PartyBot: An IoT Device for Party Games and Interactive Language Learning

PartyBot system overview. A subsystem of ESP32 MCUs performing speech recognition, acoustic location and motor actuation is integrated with AWS cloud computing and a React UI.

This IoT device was developed in collaboration with five colleagues during my Master's studies as part of my coursework for an Internet of Things module. The goal of the project was to develop a novel IoT device that incorporated sensors, actuators, cloud computing and a web UI. The prototype we developed, PartyBot, was a device for party games and interactive language learning built using a system of ESP32 microcontrollers and the ESP Audio Development Framework.

System Overview

The concept of the game is simple: players define a set of banned words which they input to the device via a web UI, then the device listens passively to the players as they converse with one another. If the device detects that one of the players has said a banned word, it sounds an alarm and points an arrow at the player who said the word.

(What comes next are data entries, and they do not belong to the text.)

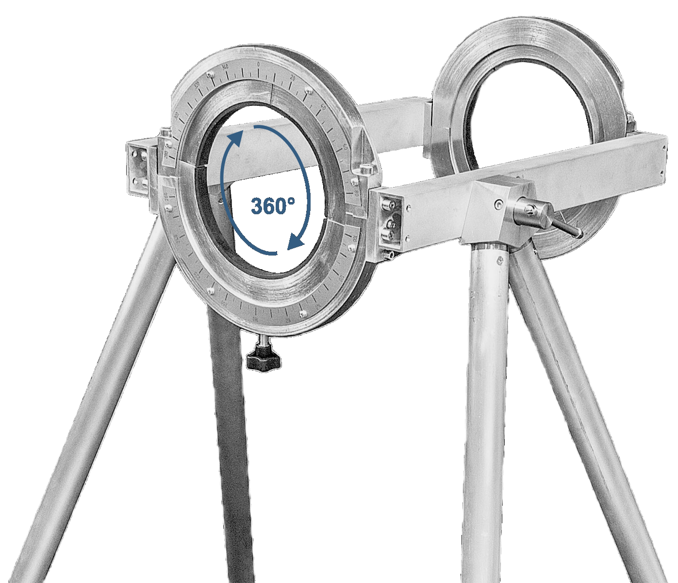 Штативы четырехножные серии «XRS-4» изготавливаются по ТУ 4276-030-96651179-2015 и предназначены для позиционирования относительно объекта контроля моноблочных рентгеновских аппаратов типа Радон, РПД, Eresco, Baltospot, Site-X, SMART и других. В зависимости от модели аппарата используются разные диаметры обжимных полуколец. Телескопические алюминиевые ноги штатива позволяют осуществлять регулировку положения рентгеновского аппарата по высоте. Регулировка положения аппарата в вертикальной плоскости и вокруг своей оси возможна в диапазоне 0 ÷ 360 градусов. Для отсчета угла поворота рентгеновского аппарата вокруг своей оси предусмотрена круговая шкала.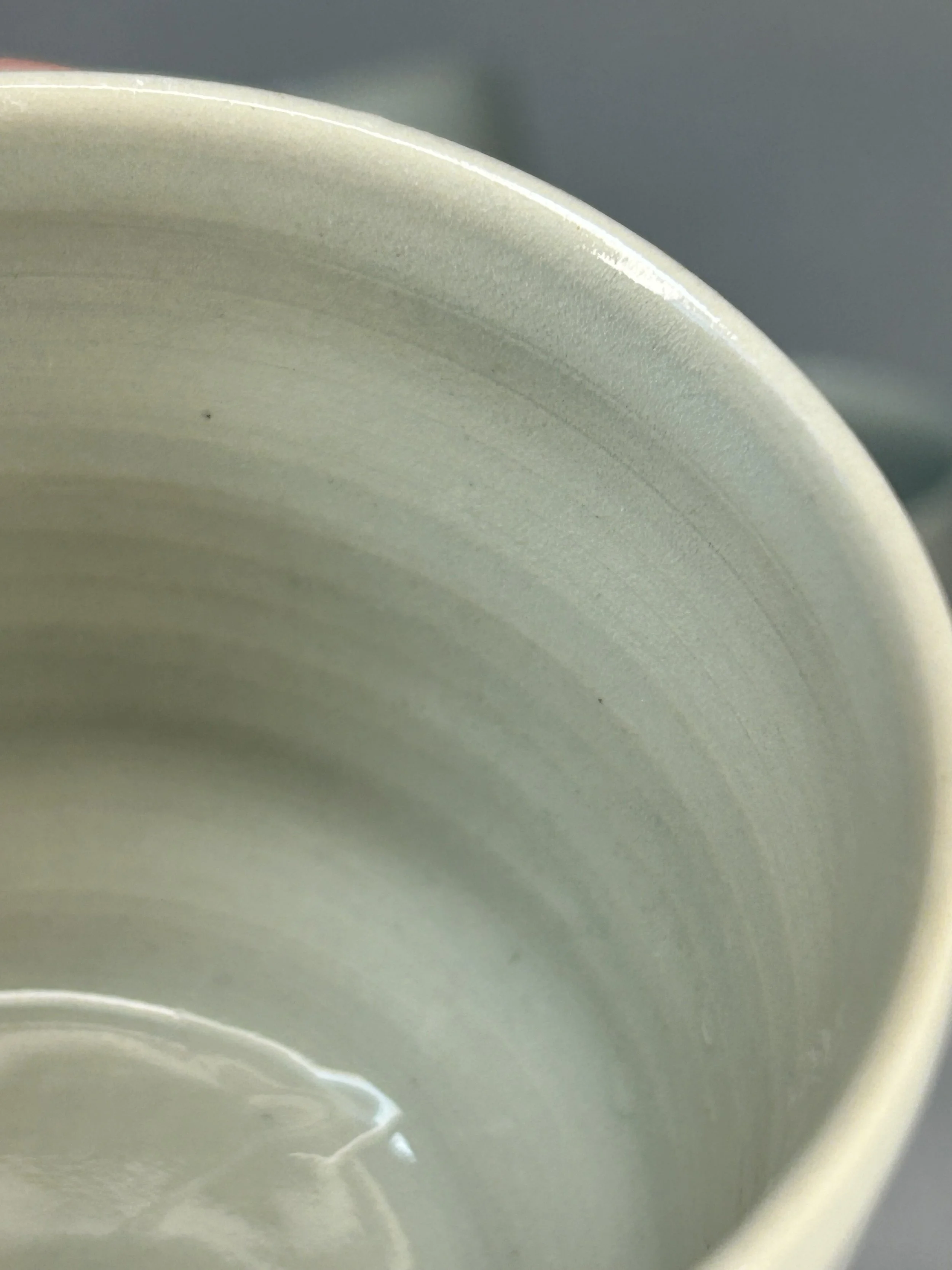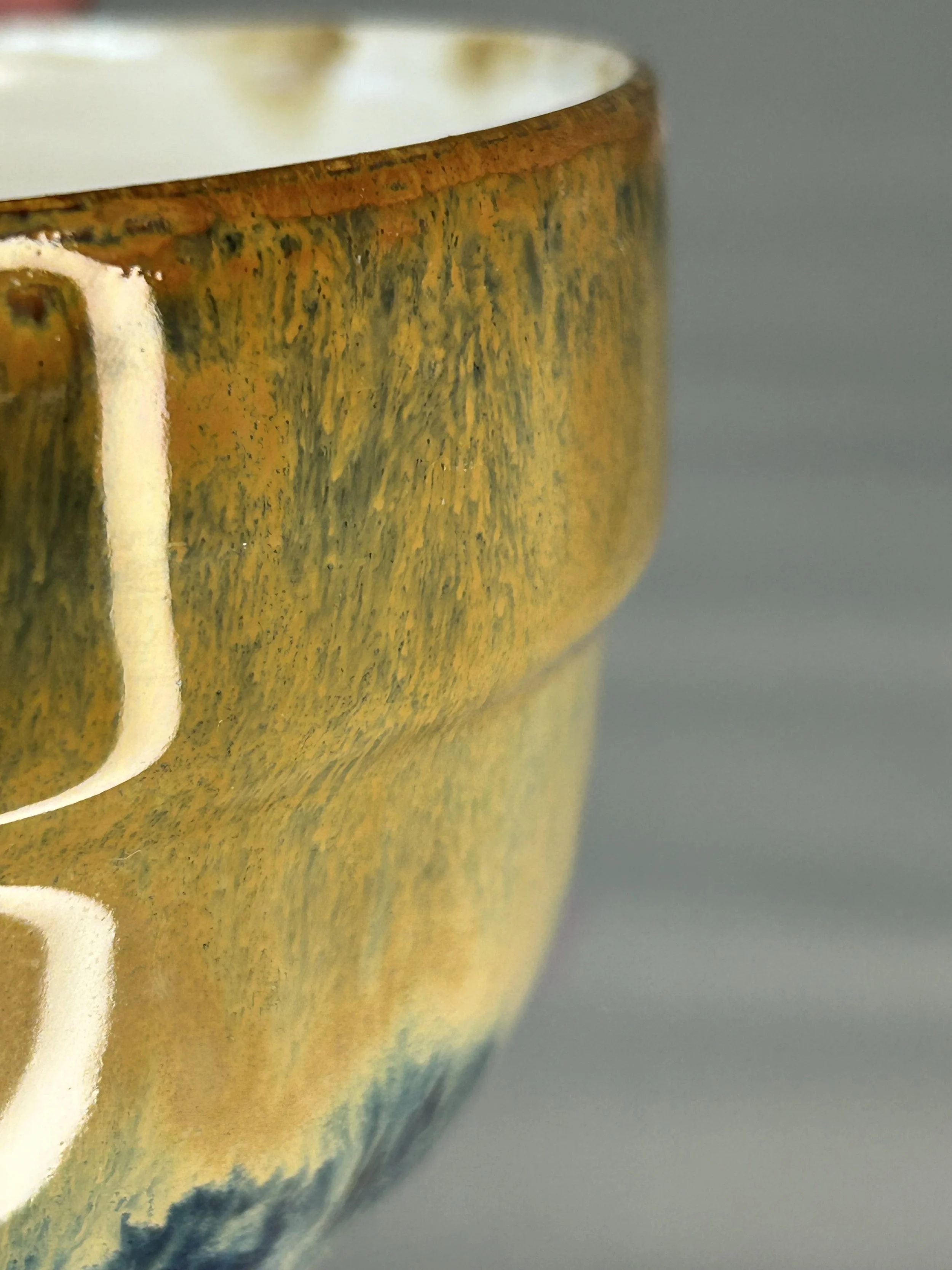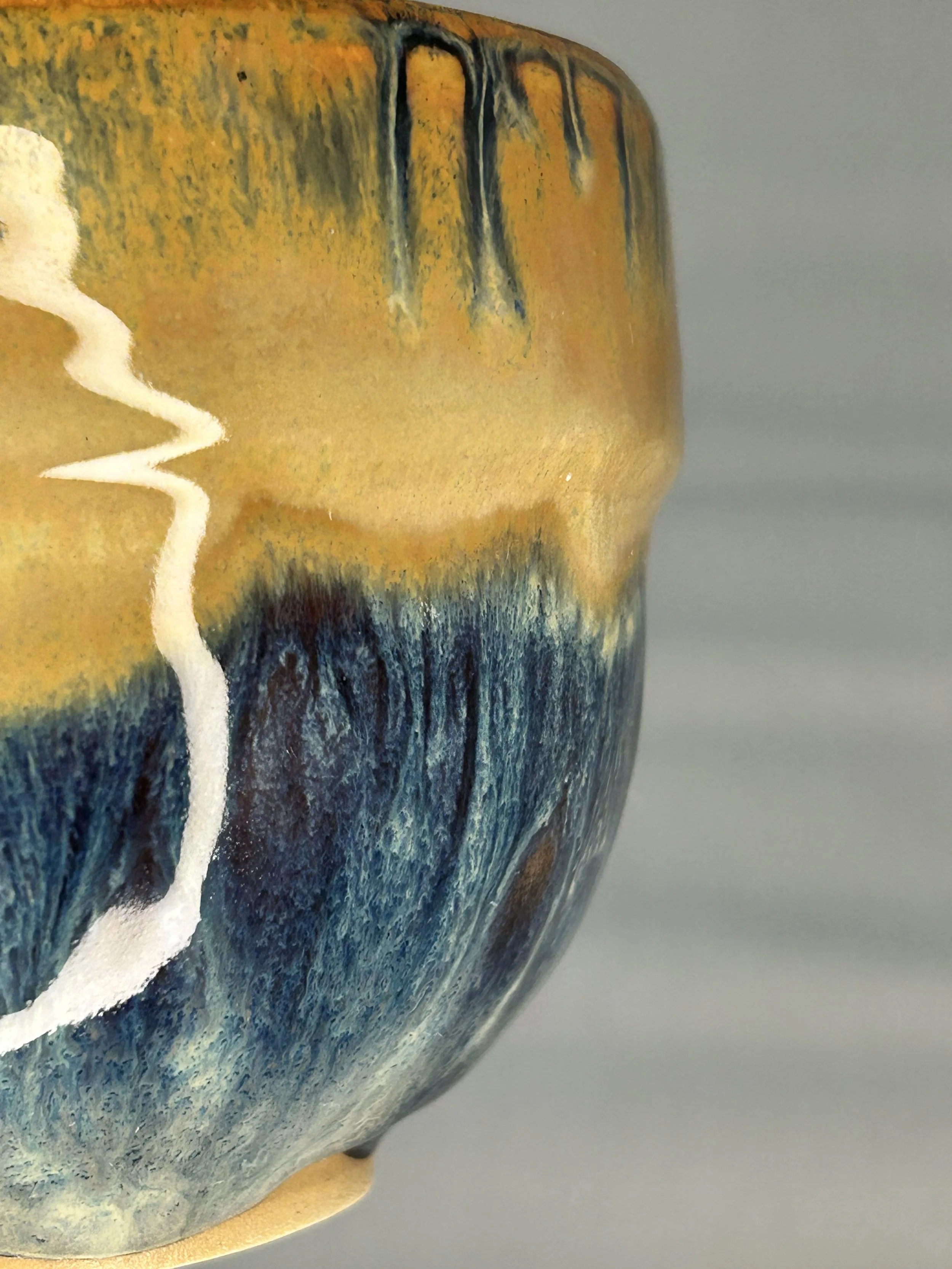 Die einzigartigen Glasureffekte entstehen durch den Flug von Asche, die Postion der Keramik im Ofen und die Hinzugabe von Salz während des Brands. Innen mit einer Shino-Glasur glasiert.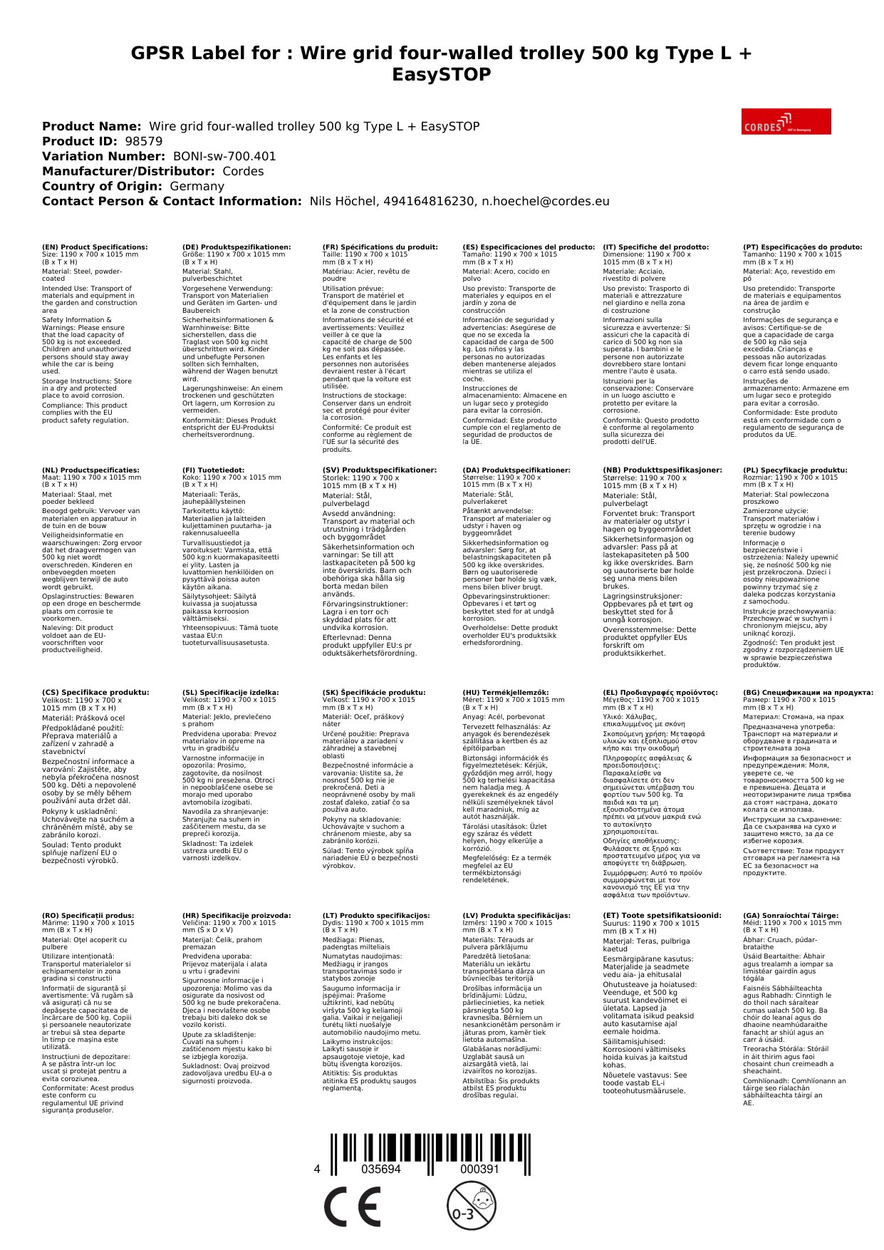 Drahtgitterwagen 500 kg, Typ L, EasySTOP, Transportwagen

The primary hardware component is the ESP32-s3-Korvo-2 V3.1, a comprehensive multimedia development board. This board was selected due to its suitability for speech recognition applications. In addition to the speech recognition task, the Korvo also handled the communications with the cloud component of the system. The localisation of the source of each banned word was performed by a separate board, the ESP32-WROOM-32E. This board was connected to four external microphones, each covering a separate quadrant of the game space. The WROOM was also connected to a stepper motor, used to control the arrow, which it actuated to point in the direction of the source when a banned word was detected.

Cloud component of the PartyBot system.

The hardware component is integrated with cloud computing and a web UI to create an intuitive, interactive user experience. The AWS cloud computing platform was selected for this purpose. Specifically, AWS IoTCore and AWS Lambda are used: the former for communication between the device and the cloud, and the latter for processing logic. The MQTT protocol was used for communications between the board and the cloud, due to its suitability for applications where low bandwidth usage and power consumption are of paramount importance. The user interface was implemented using the React JavaScript library, and interacted with the cloud backend through AWS API Gateway's WebSocket API.

Speech Recognition on an Embedded CPU

The most technical aspect of this project was the implementation of a speech recognition system on a low-power embedded CPU, particularly due to the need to dynamically update the speech recognition system via the cloud. Fortunately, the ESP32-s3-Korvo-2 board is built on the ESP32-S3 chip, which is the only ESP32 chip designed for SIMD (Single Input Multiple Data) instructions. This renders the chip compatible with both WakeNet and MultiNet - lightweight speech recognition models built on neural networks, specifically designed for low-power embedded CPUs.


For this project, MultiNet was used, with the list of command words for the network representing the banned words list. The system was designed so that this list could be changed dynamically via the cloud, and the model restarted with an updated list of command words.

Speech recognition on an embedded CPU is achieved using WakeNet on the ESP32-s3-Korvo-2 V3.1. Speech localisation is performed on a separate board: the ESP32-WROOM-32E.